**DATASET EXCERPT:**
################
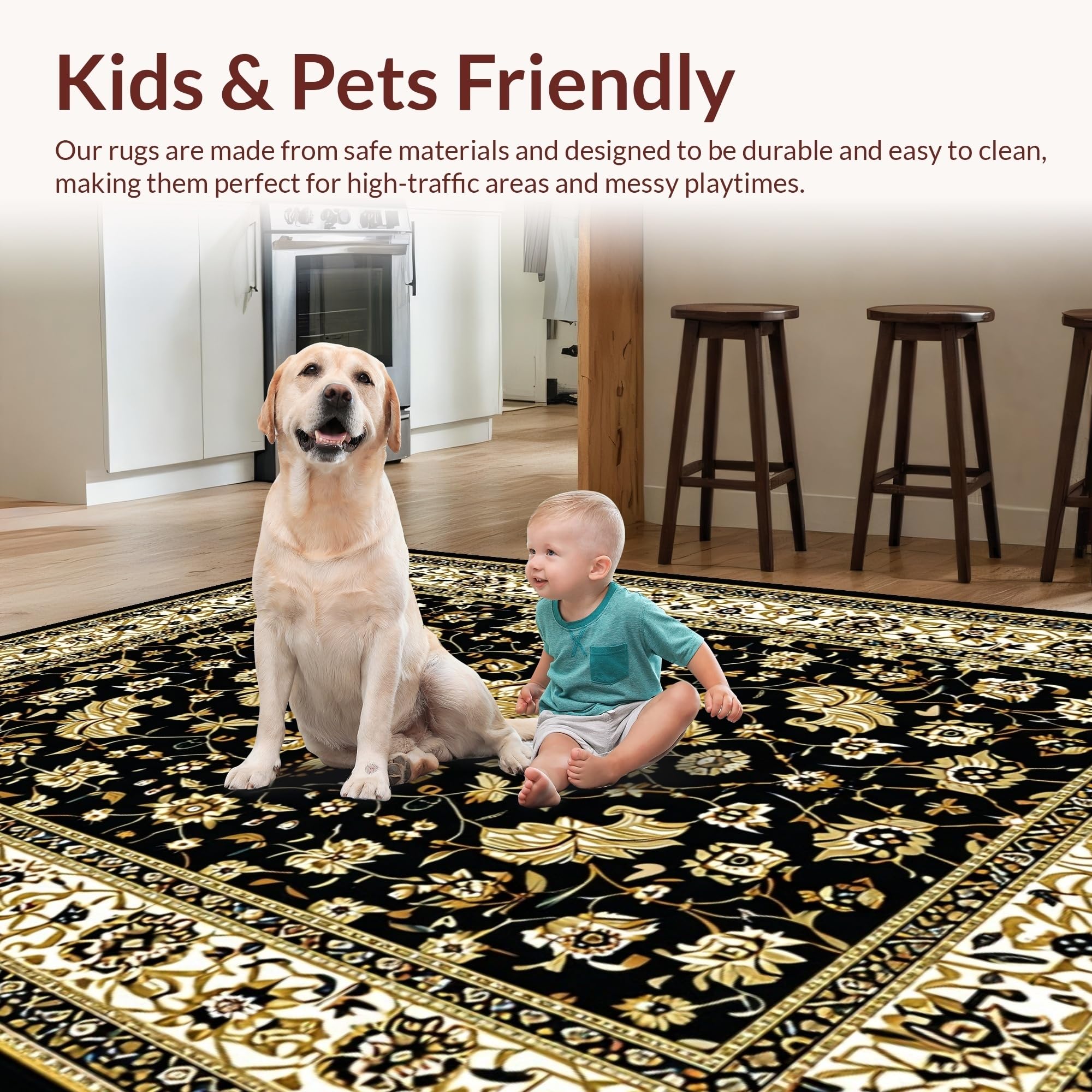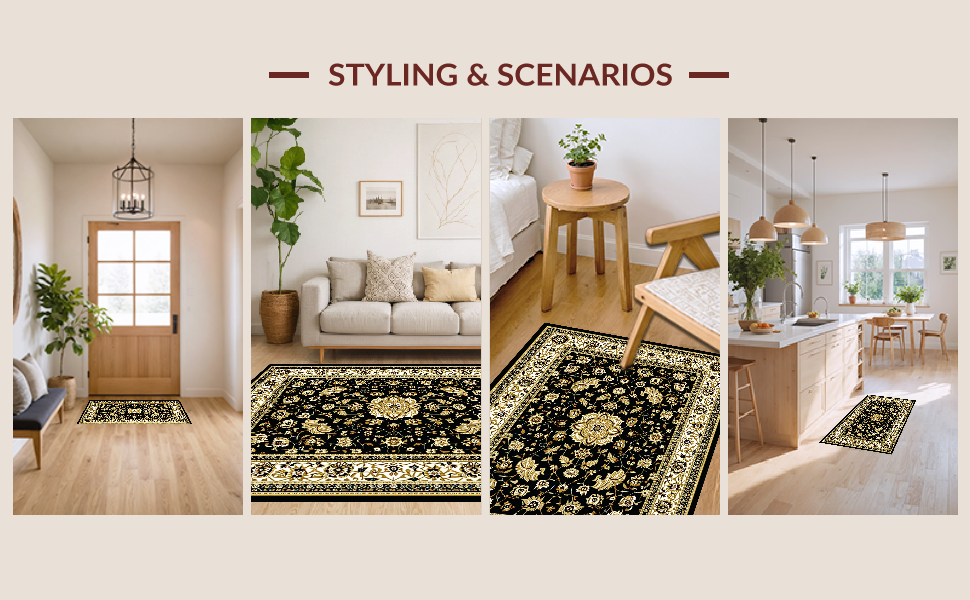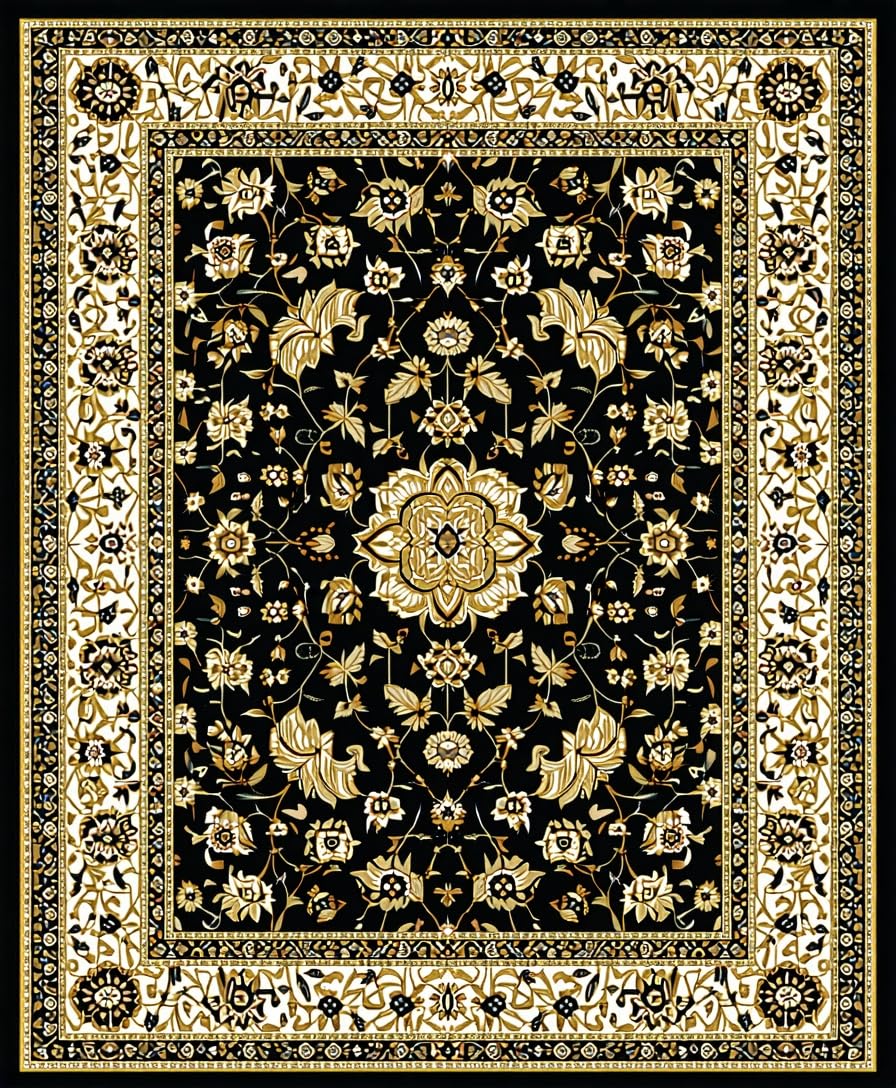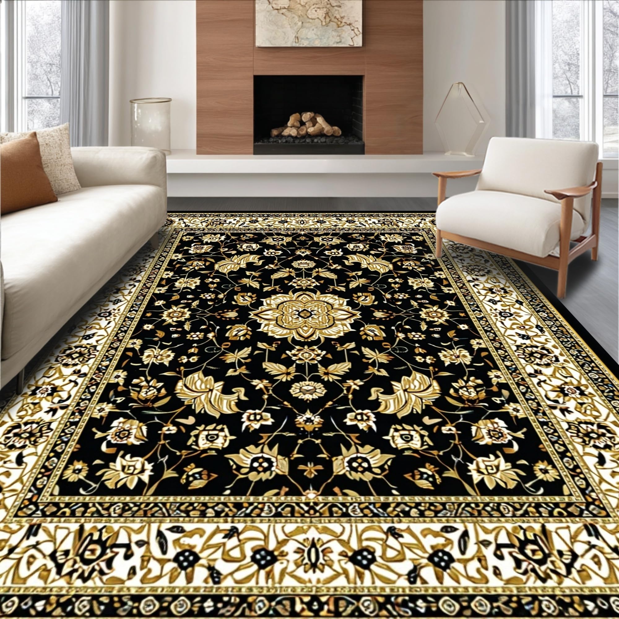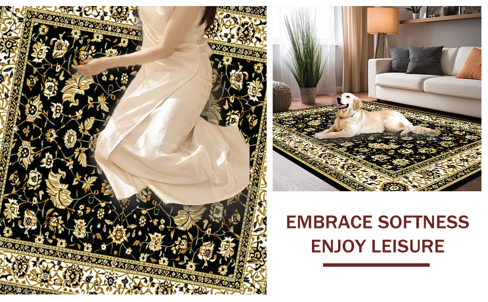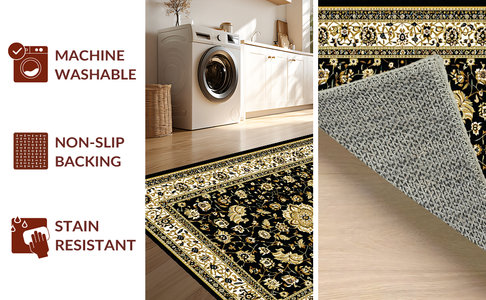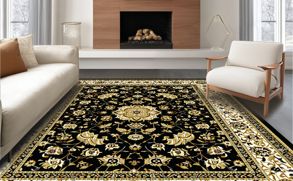 Ultra Soft Area Rug, Non Slip, Stain Resistant, Washable Area Rugs for Living Room, Bedroom, Glamorous Vintage Geometric Style(Black) Overview:
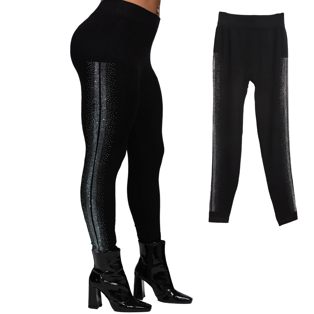 PLUS SIZE WOMEN'S SIDE SEAM CRYSTAL RHINESTONE STUDDED GRADIENT DESIGN HIGH WAISTED BLACK LEGGINGS
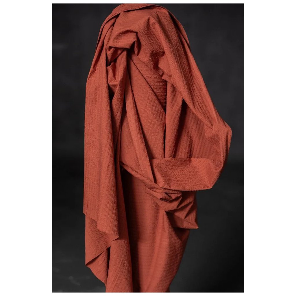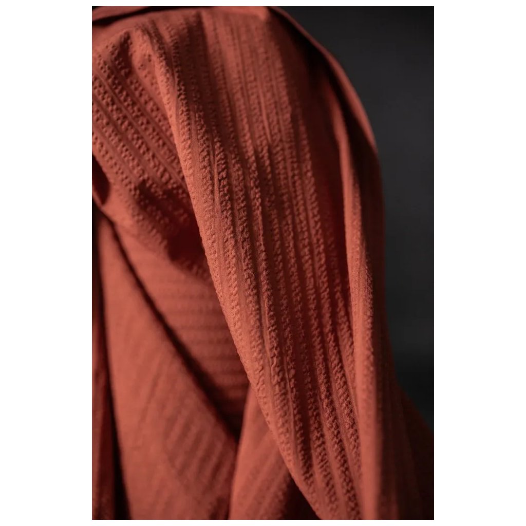 Organická proužkovaná bavlna s krepovou strukturou, tzv. seersucker, v krásném rezavém odstínu. Její barva i gramáž se budou hodit na podzimní kousky do vašeho šatníku, představujeme si košile, šaty, nařasené sukně a volné kalhoty.
################
**EXERCISE DESCRIPTION:**
All lines from the beginning of the material through the line that holds "PLUS SIZE WOMEN'S", both included, should be returned exactly; please omit any pictures and add no other lines.

**COMPLETED TASK:**
 Ultra Soft Area Rug, Non Slip, Stain Resistant, Washable Area Rugs for Living Room, Bedroom, Glamorous Vintage Geometric Style(Black) Overview:
 PLUS SIZE WOMEN'S SIDE SEAM CRYSTAL RHINESTONE STUDDED GRADIENT DESIGN HIGH WAISTED BLACK LEGGINGS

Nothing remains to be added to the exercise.